Fine-Tuning Overview

Fine-tuning is a first-class KTransformers workflow, parallel to inference serving. The current public path focuses on MoE LoRA SFT through LLaMA-Factory: train a small adapter on a local heterogeneous workstation, then serve it through the same local KTransformers inference direction.

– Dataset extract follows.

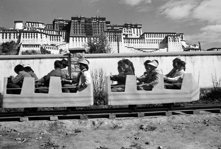 1987年10月1日,在拉薩勞動人民文化宮內(nèi)新建成一座大型游樂場里,小朋友們在乘坐電動小火車。

The design target is practical workstation ownership of large MoE models. GPU resources handle attention, shared paths, and residual LoRA capacity, while KT CPU expert backends keep large expert weights off the GPU memory cliff.

Where to Start

Goal	Page
Run the first SFT example	First LoRA SFT run
Understand the LLaMA-Factory config shape	LoRA SFT with LLaMA-Factory
Choose `AMXBF16`, `AMXINT8`, or `AMXINT4`	SFT Backends and Precision
Prepare BF16, INT8, or INT4 expert weights	Weight Preparation
Fine-tune DeepSeek MoE models	DeepSeek SFT
Fine-tune Qwen MoE models	Qwen SFT
Check which model tutorials are current	Fine-Tuning Model Tutorials
Check old or experimental pages	Legacy and Experimental SFT
Check DPO status	DPO Status

Current Public Surface

The current public fine-tuning path is:

LLaMA-Factory training YAML
  + use_kt: true
  + Accelerate KT config
  + ktransformers[sft]

The public KT SFT backend names are:

Backend	Role
`AMXBF16`	BF16 expert backend.
`AMXINT8`	INT8 expert backend with prepared KT weights.
`AMXINT4`	INT4 expert backend with prepared KT weights.

SkipLoRA variants exist for advanced experiments, but they are not the default getting-started path.

What Is Not the Current Path

Do not use old kt-sft, automatic patching, kt_optimize_rule, or old Kimi SFT tutorials as the current public path. Keep them as historical material unless they are rerun and rewritten around the current LLaMA-Factory integration.

For exact model and backend status, see Support Matrix.